LLMs in high-stakes domains suffer from a documented failure mode: **overconfidence**. A model that approves or denies an insurance claim with 100 % certainty — but is wrong — causes real harm. The [CAPO paper (arXiv:2604.12632, 2026)](https://arxiv.org/abs/2604.12632) measures up to a 15 % AUC drop in standard GRPO training. [DCPO (arXiv:2603.09117, 2026)](https://arxiv.org/abs/2603.09117) shows a 71 % Expected-Calibration-Error reduction is achievable when calibration is treated as a first-class objective.

**Why this matters now.** Indian health-insurance fraud, waste & abuse drains **₹8,000–10,000 crore every year** ([BCG × Medi Assist, Nov 2025](https://www.business-standard.com/industry/news/insurance-fwa-drains-rs10000cr-each-year-bcg-mediassist-report-125112101199_1.html)) — about 8 % of all claim payouts. From April 2026, the [IRDAI Insurance Fraud Monitoring Framework Guidelines, 2025](https://irdai.gov.in/) make every insurer legally responsible for catching it.
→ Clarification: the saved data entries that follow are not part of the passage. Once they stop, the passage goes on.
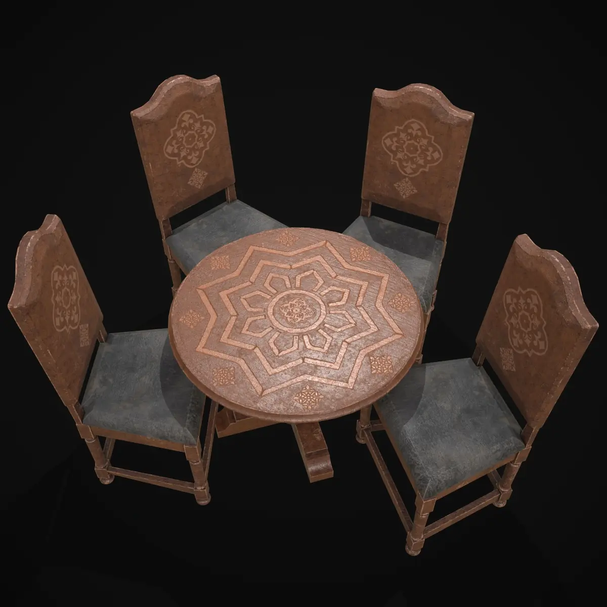 Elegant Round Table and Chairs 3D Model PBR Texture available in 4096 x 4096 -Chair has Four Design Options - Maps include : Basecolor, Normal, Roughness, Height and Metallic. All Preview renders were done Marmoset Toolbag 4 Scaled to real world scale. Customer Service Guaranteed. From the Creators at Get Dead Entertainment. Please like and Rate! Follow us on FaceBook and Instagram to keep updated on all our newest models.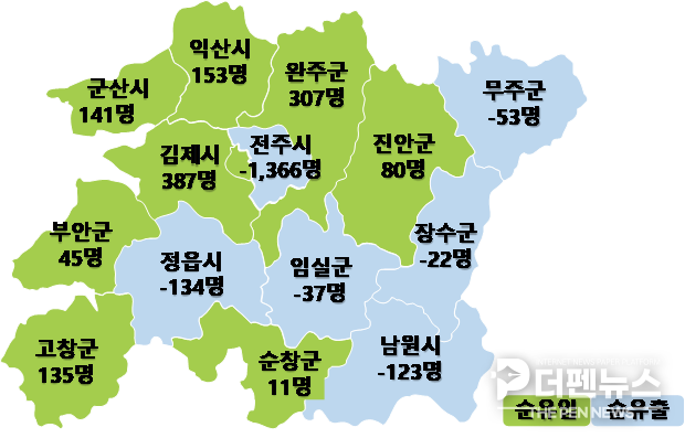 통계에 따르면 김제시는 3분기 387명의 순유입을 기록해 도내에서 가장 큰 증가폭을 보였으며, 1분기 814명, 2분기 440명에 이어 3분기까지 누적 1,641명이 김제로 전입한 것으로 집계됐다.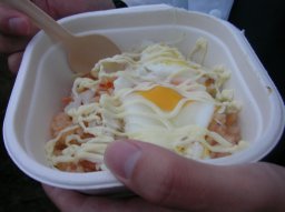 今日の晩御飯。ZEPPさんはナシゴレン。 イマイチだったそうです。 |

The obvious tool is AI — but standard RL training pushes models in exactly the wrong direction.

**ClaimCourt is the direct fix.** A reward surface that penalises overconfident wrong answers more severely than uncertain ones, teaching models *when* to be confident, not just what to say.

---

## 2. The Environment — what the agent sees, does, and gets rewarded for

### What the agent sees
A claim object: claimant identity, incident details, policy history, attached documents, and the list of available actions. After every action: updated documents, discovered fraud signals, action history, and a partial reward breakdown.

### What the agent does
The agent investigates step-by-step before committing.

| Action class | Examples | Confidence required? |
|---|---|---|
| **Investigative** | `validate_document`, `flag_fraud_signal`, `query_historical_data`, `query_linked_claim`, `verify_identity`, `convene_debate_panel` | No |
| **Terminal** | `approve_claim`, `deny_claim`, `escalate_to_human`, `request_investigation` | **Yes — HIGH / MED / LOW** |

### What the agent gets rewarded for — the 3×2 Calibration Matrix (the core innovation)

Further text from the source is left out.